Yargıtay Kararı 3. Hukuk Dairesi 2010/10570 E. 2010/14007 K. 13.09.2010 T.

YARGITAY KARARI
DAİRE : 3. Hukuk Dairesi
ESAS NO : 2010/10570
KARAR NO : 2010/14007
KARAR TARİHİ : 13.09.2010

MAHKEMESİ :AİLE MAHKEMESİ

Taraflar arasında görülen nafaka davasının yapılan muhakemesi sonunda mahalli mahkemece verilen hüküm davacı vekili tarafından temyiz edilmiştir.

Y A R G I T A Y K A R A R I

Temyiz isteminin süresi içinde olduğu anlaşıldıktan sonra dosyadaki bütün kağıtlar okunup gereği düşünüldü.
Dava dilekçesinde; davacı lehine daha önceden hükmedilen aylık 150,00 TL nafakanın ihtiyaca yetmediği ileri sürülerek aylık 350,00 TL’ye yükseltilmesi istenilmiştir.
Mahkemece, davacının nafaka dışında 225 TL ölüm aylığı aldığı , zaman zaman çalıştığı, annesi ile oturup kira ödemediği, 225 TL kira gelirinin bulunduğu , yanında kalan müşterek çocuk için de iştirak nafakası aldığı, gelirleri toplamının asgari ücret seviyesinde olduğu gerekçesiyle davanın reddine karar verilmiş, hüküm davacı vekili tarafından temyiz edilmiştir.
Tarafların mali durumunun değişmesi veya hakkaniyetin gerektirdiği hallerde yoksulluk nafakasının artırılmasına veya azaltılmasına karar verilebilir.
Yargıtay Hukuk Genel Kurulunun 7.10.1998 tarih ve 2-656-688 sayılı ilamında kabul edildiği gibi “…yeme, giyinme, barınma, sağlık, ulaşım, kültür(eğitim) gibi bireyin maddi varlığını geliştirmek için zorunlu ve gerekli görülen harcamaları karşıyalayacak düzeyde geliri olmayanların” yoksul kabul edilmesi gerektiği vurgulanmıştır.
Hemen belirtmek gerekir ki; Hukuk Genel Kurulunun yerleşik kararlarında “Asgari ücretle çalışılmakta bulunulması” yoksulluk nafakası bağlanmasını olanaksız kılan bir olgu kabul edilmemiştir (HGK.7.10.1998 gün 1998/2-656 E., 1998/688 K., 26.12.2001 gün 2001/2-1158-1185 Karar sayılı kararları) .
Hukuk Genel Kurulunun 28.2.2007 tarih ve 2007/3-84 E.- 95 Karar sayılı ilamında da “Asgari Ücretle çalışılmakta bulunulması” yoksulluğu ortadan kaldıracak bir olgu olarak da kabul edilmemiştir.
Somut olayda ; davacının bir miktar yetim aylığı aldığı sabit ise de devamlı bir çalışmasının bulunmadığı mahkemenin de kabulündedir.

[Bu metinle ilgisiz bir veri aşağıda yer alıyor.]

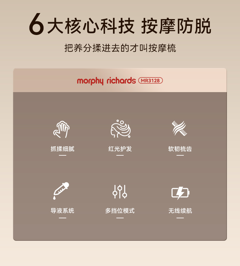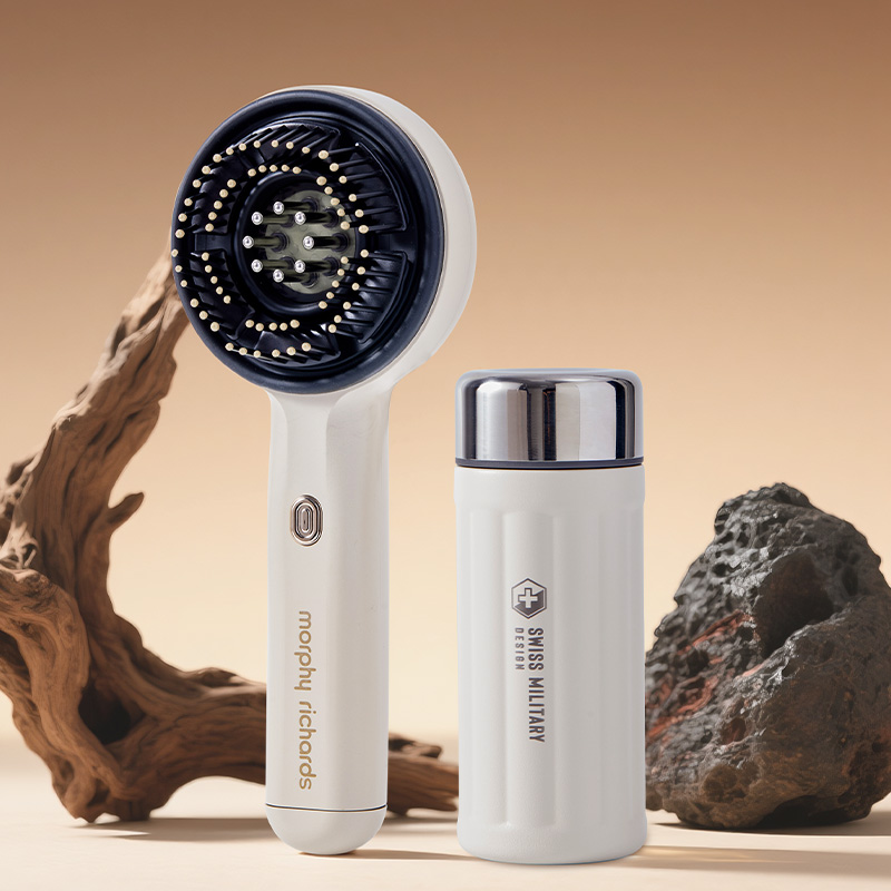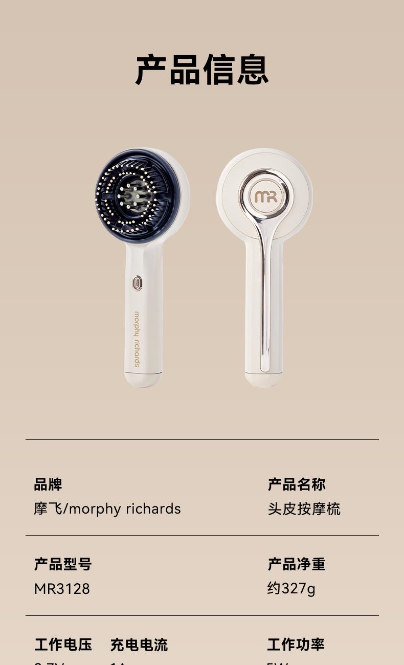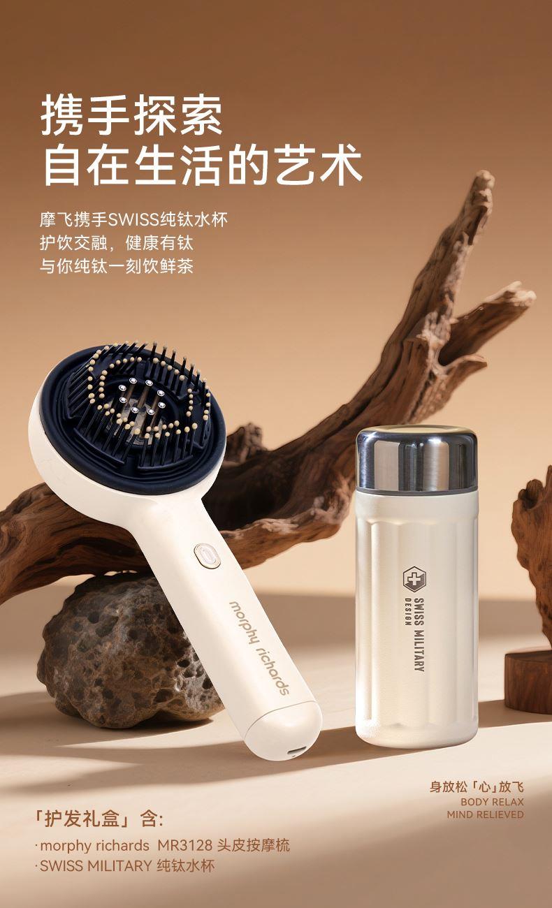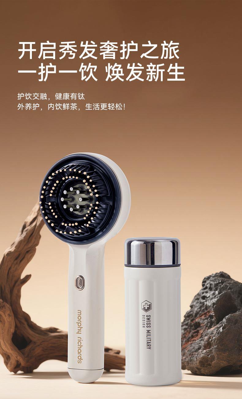 69码 6975660321281(按摩梳)、6977576670699 (保温杯) 型号 MR3128TB1120-9 产地 浙江温州(按摩梳) 浙江杭州(保温杯) 净重 250g(按摩梳)160g(保温杯) 毛重 905g 包装尺寸 21.5X25.5X7cm(彩盒) 大箱尺寸 42*48*55cm 续航:约12个循环(开机默认模式) 充电时间:≈120min 按摩梳材质:ABS+PP+硅胶、保温杯材质: 覆钛 按摩梳工作功率:10W 按摩梳充电接口:Type-C 按摩梳电池容量:1400毫安 按摩梳配件:主机,充电线,收纳袋,说明书 执行标准:GB4706.1-2005/GB4706.10-2008 卖点: 摩飞头皮按摩梳MR3128 “真抓揉”开穴舒筋,解压助眠 红光光波理疗,呵护头皮 圆润梳齿,按摩不伤头皮,蓬松顺发 边梳边导液,营养直达头皮,高效吸收 大容量长续航,可使用约10天 流线型握把,轻巧易握,小巧收纳 瑞士军工琉森水波口袋杯TB1120-9 钛晶技术380℃以上高温锤炼145道匠心工序 覆纯钛内胆,无惧酸碱腐蚀,保鲜保味 表面仿钛晶工艺,0重金属健康环保 长效锁温,6-12小时保温保冷 200ml口袋尺寸,小巧便携,易携带

Kira geliri elde ettiği hususu ise belgelenmemiştir. Davalıdan alınan iştirak nafakasının ise müşterek çocuğun ihtiyaçları için harcanacağı açıktır.
O halde; önceki nafaka takdiri ile bu dava tarihi arasında paranın satın alma gücünün azaldığı, davacının elde ettiği gelirin ise onu yoksullaktan kurtaracak seviyede olmadığı gözetilerek nafakanın az da olsa hakkaniyete uygun bir miktarda artırılması gerekirken istemin tümden reddi doğru olmayıp, bozmayı gerektirmiştir.
Bu itibarla yukarıda açıklanan esaslar gözönünde tutulmaksızın yazılı şekilde hüküm tesisi isabetsiz, temyiz itirazları bu nedenlerle yerinde olduğundan kabulü ile hükmün HUMK.nun 428. maddesi gereğince BOZULMASINA ve peşin alınan temyiz harcının istek halinde temyiz edene iadesine, 13.09.2010 tarihinde oybirliğiyle karar verildi.